В кабинете были задернуты шторы, и стоял приятный сумрак. Высокий тощий неопрятно одетый человек, скрючившийся в кресле напротив него, всхлипнул и невнятно кивнул.
- Расскажите, что вас беспокоит.
- Я это… доктор … по-простому… так сказать, прямо к сути перейду. Я зарплату тогда получил. Да. Прямо к сути. Вкратце постараюсь сначала. Вы поймете зачем. Получил я тогда зарплату, ну стою у метро, пива уже пару бутылок выпил, похорошело. У метро стою, думаю куда двинуть, - эти подходят – один высокий такой, как я, лысый, Шаляпиным назвался, прямо вот так, по фамилии, говорит, называй. Высокий этот, да. А второй толстый такой, ниже его на голову, Эдик, толстый да вертлявый такой. Ну че, разговорились, то да се, пятое-десятое, пошли, говорят в кафешку буханем. Эти громко они назвали, кафешка, это гадюшник был, зверинец такой, с водкой дешевой паленой. Ну че, мне-то денег не жалко, да и не так их много, чтоб развести меня да ограбить, пошли. Выжрали там литр наверно на троих в блевотине этой, потом Шаляпин говорит, пошли, говорит, к нему, по дороге еще пару флаконов возьмем, дешевле будет. Ну пришли к нему, хата у него грязная, как у алкаша, стали еще пить да за жизнь говорить, потом я им дочку показал, достал из сумки. А они озверели, штаны поснимали, члены свои лиловые достали и говорят – мы, говорят, щас ее выебем. Ну вы поймите, хоть и кукла она, но дочь моя родная все-таки. Они ее изнасиловать хотели, Эдик этот говорит, я первый типа, давай, лысый, уступи. И на меня – ноль внимания. А дочурку мою, Настеньку, уж на столе разложили, ножки-ручки ей чуть не вырвали.
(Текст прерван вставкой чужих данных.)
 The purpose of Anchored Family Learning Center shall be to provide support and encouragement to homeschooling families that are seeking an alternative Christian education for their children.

Там рядом со стулом, где я сидел, гантель ржавая валялась. Шаляпин ему говорит – ты, грит, ей на клык дай скорей, а я раком ее поставлю. Только увлеклись они, так я одному сначала по черепу, потом второму. Сильно так ударил, от души. Хотел уже сваливать, а тут оказалось, бабка старая спала дома, как раз проснулась. Хотел и ее – не успел, в подъезд выскочила, крики, вопли, милиция… Дочку-то они конфисковали, жалко.
- А вот скажите, Михаил, не было ли у вас…
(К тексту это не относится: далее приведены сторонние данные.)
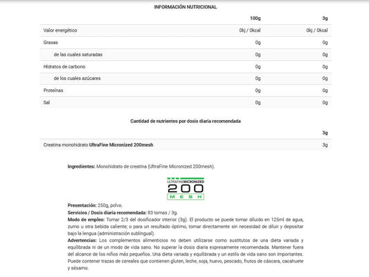 CREATINA ULTRA PURE (Creapure®) ESSENTIAL 300GR .

Тощий человек по имени Михаил встал, подошел к доктору, с добротой посмотрел ему в глаза и сказал:
- Уже все начало меняться. Надо идти. Пошли, доктор. Вам же лучше будет.
И взял его за руку.
Эта улица была так же разбита и безжизненна, как и все остальные. Часть мостовой почему-то поднималась вертикально и забегала на стены домов, а некоторые дома как-то странно выделялись горизонтально прямо из тумана. Грязи почти не было, неба не было видно за белесой пеленой, а ямы имели прямоугольные очертания.
- Это так иногда улицы проворачивает, ложит в горизонт, - сказал Михаил, ведя бодро обходя нагромождения обломков и ведя доктора за руку, - город, надо заметить, живет своей отдельной жизнью. Он разбит и разрушен, но не обездолен. Ведь качественные достижения, даже в худшую сторону, все равно не изменят суспензии достижимости. Моей суспензии, а, следовательно, и твоей. Я тебя сюда привел не за тем, чтоб осколками мира любоваться. А чтоб опознать, что ты можешь приобрести, а что не можешь. Мы сейчас найдем одного человека, он тебе объяснит.
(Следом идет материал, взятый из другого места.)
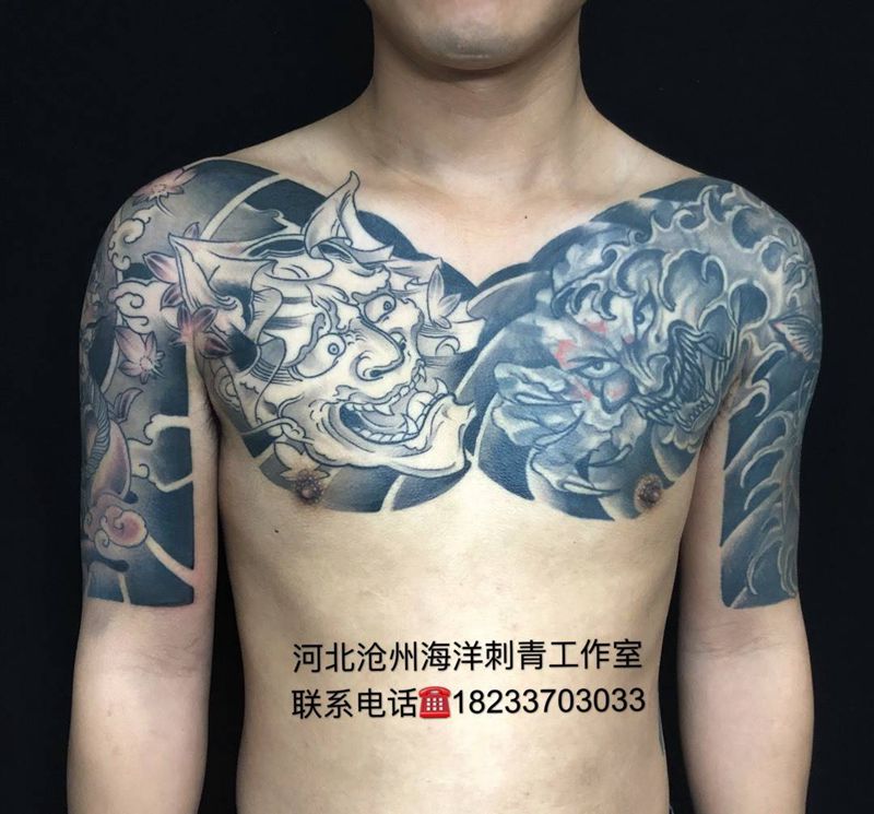 黑灰满背纹身图案

Они шли довольно долго – то спускаясь в ямы, то взбираясь с трудом на ушедшие глубоко в землю перекошенные дома с уцелевшими стеклами. Иногда они шли вертикально вверх, прямо по стене, и тогда доктор понял, что здесь изменяется даже вектор гравитации. Это было так необычно, что он, было, захныкал, на что Михаил строго сказал: «перестаньте, доктор, вы же мужчина. Вам еще предстоит выполнить миссию. Просто я не могу это толково объяснить, вот и веду вас к Космонавту».
Наконец, они нашли Космонавта. Тот спал прямо на земле и громко храпел, казалось, в тяжелом пьяном сне, однако быстро вскочил, едва только Михаил легонько потряс его за плечо, и бодренько подошедши к доктору, протянул ему руку.
- Зеленый Космонавт.
- Э… Доктор. Просто доктор. Э… Фердинанд, если вы не против.
- Приятно познакомиться, - Космонавт склонил голову, отчего чуть завибрировали две антенны у него на шлеме, - это вы не беспокойтесь, доктор, что я простужусь на земле. У меня ведь скафандр толстый, - он обвел себя руками, - это ведь толстый он, ни в жизнь не простужусь. Это я вам говорю, потому что вы – доктор. Да.
- Слушаю вас, господин Космонавт. Что вас беспокоит? Вручил ли вам господин Президент уже звезду Героя?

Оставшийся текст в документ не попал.